And that all ties into the complete fluid package, right? And making sure all the products are being compatible with each other, and that the long term use of that fluid package is appropriate for their needs.

Correct. Yeah. We’re seeing changes from kind of an off the shelf chemistry to just a one size fit all approach to really tailoring the chemistry that’s being used for each individual well.

Right. So when I first got into the, oilfield chemistry space about ten years ago, the waters back then were a lot simpler, the frac designs were simpler, so there were a lot more off the shelf products, right, that you were able to use and they worked and it completed the job as needed.

As the industry has shifted and changed, the more produced water that’s being recycled and reused, the the harsher that the TDSs are, the harsher the iron is, more hardness within that water composition, the more challenges the chemistry is gonna face. Correct?

Yeah. Some of the scaling tendencies that we’re seeing are astronomical compared to just two, three years ago.

And not just scaling, but you’re looking at the way that the water interacts with the friction reducer, having to have a more robust product that can handle that type of water quality.

Yeah. Yeah, the compatibility of every single product that’s going downhole.

And so when you’re also looking at the friction reducer there’s kind of different designs when you’re looking at completing a well slickwater and also looking at viscosity and elasticity properties within the FR, correct?

Yeah.

So why would one look more towards viscosity and elasticity?

There’s many variables like you’re talking about.

So looking at viscosity and elasticity is important for the sand carrying capacity, right? There’s been the shift away from cross linked fluids that have that very high viscosity that can carry sand far out into formation versus the slick water that have one to two centipoise viscosity that can’t carry sand on its own and so you really need that elasticity component.

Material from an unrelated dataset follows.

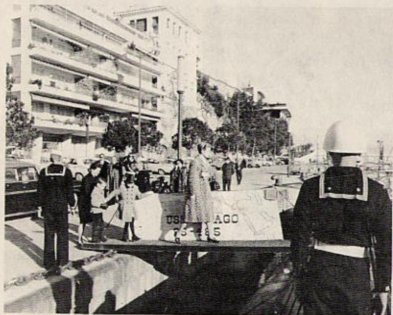
Princess Grace visits SIRAGO in Monaco

In early 1967 SIRAGO participated in Operation SPRINGBOARD and Exercise Clovehitch III, both in the Caribbean Sea.

Right and the elasticity helps with carrying the proppant further into the laterals helping with the the frac width and being able to place more sand, essentially. Right?

Yeah. And not screen out.

Exactly. And and I’ve seen a trend in the past maybe twelve, eighteen months where the designs of these fracs are changing. They’re moving more and more proppant.

Yeah. More proppant and longer too. So we’re having to shift how our FRs are hydrating. Right. We want a slower hydration rather than that instantaneous hydration that everyone’s talking about initially.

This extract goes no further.